I watched Matilda last night and it made me burst into tears. Utterly. I hate admitting that; I'm not a person who likes crying in public. Admitting it publically is only one step removed from that, you know.

It was at the end of the movie that I cried, the happily ever after part. Matilda's parents (who could never understand her) signed her adoption papers so that Miss Honey can look after her instead, and the two could finally have a loving family. There's this sunlit montage of scenes of Matilda and Miss Honey having tea parties with dolls out on the lawn and turning cartwheels, and Danny DeVito (who did the voiceover narration) says something like "and from that day on, she finally had fun."

I remember reading James and the Giant Peach in grade school, and it was like a door being opened in my head, out into the unknown. With this Roald Dahl story, it was more like another door back into something remembered. It wasn't the happy ending I cried about. There are no real happy endings in life; there's only one ending, really, and who knows what it's like? I don't say that to be morbid, and I don't see it as a negative thing-- I don't really want endings-- I want chapters to close and new ones to begin.

It was definitely the fun I was crying about. And not that my life is totally devoid of fun. It's not a depressing, meaningless hole. It's more like being stuck in the waiting room. Any waiting room. And it doesn't matter whether or not the waiting room has good magazines or people to talk to, a tv or popcorn or a pinball machine-- or whether it's a good thing or a bad thing that you're waiting for-- it's still the waiting room. It will never be as fun or interesting or fulfilling as what comes after the waiting room. So I sit and wait and fill out forms.

I remember a Labor Day weekend when I was in high school. My dad had been sober for a few years and our family was well on the way to healing itself, and we as individuals had grown a lot, too.

We packed a basket full of good food, and a kite, and softballs and mitts. The day was really pleasant for September. Usually during the late summer/ early fall in S. California, you get these Santa Ana winds, that are horribly relentless and dry and dusty. They make everything crackle with static electricity, and your mouth feels constantly gritty. That particular Labor Day wasn't like that at all-- it was clear and breezy, just bordering on hot, the sky an intense summery blue.

We drove to Arroyo Verde park in Ventura and we spread out a blanket on the grass and ate our picnic lunch. We had this traditional Mexican pico de gallo with fruit that was hot and sweet and perfect on a sunny day. We tried to fly our kite, but it wasn't quite windy enough in the protected canyon. We threw softballs and ran around on the grass. My mom and I had a race, rolling sideways down a hill, and then we watched a bunch of kids slide down the slope on blocks of ice.

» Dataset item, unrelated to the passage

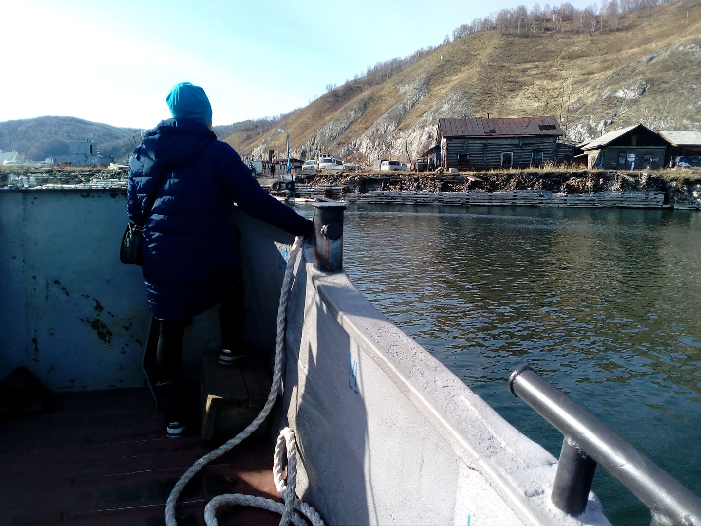 Вот впереди, наконец, показываются очертания поселка Порт Байкал и вахтенный готовится к швартовке

Nobody argued or got crabby or shouted at bad drivers, or even stubbed a toe or broke anything and laughed it off. It wasn't a day colored more pleasant by memory, it was a truly, wonderfully good day, and at the end of the day we all thought, "this was a great day." It was about as perfect a day as can exist. Whenever I think about something pleasurable, something anticipated, something truly good and wonderful, a piece of that day exists woven into my thought.

Today, this week, lately-- for a multitude of reasons-- that day feels very far away. It appears only to be a nearly invisible wisp of thread.

Watching the end of Matilda reminded me of that day, and it made me sad that I'd let it drift so far out.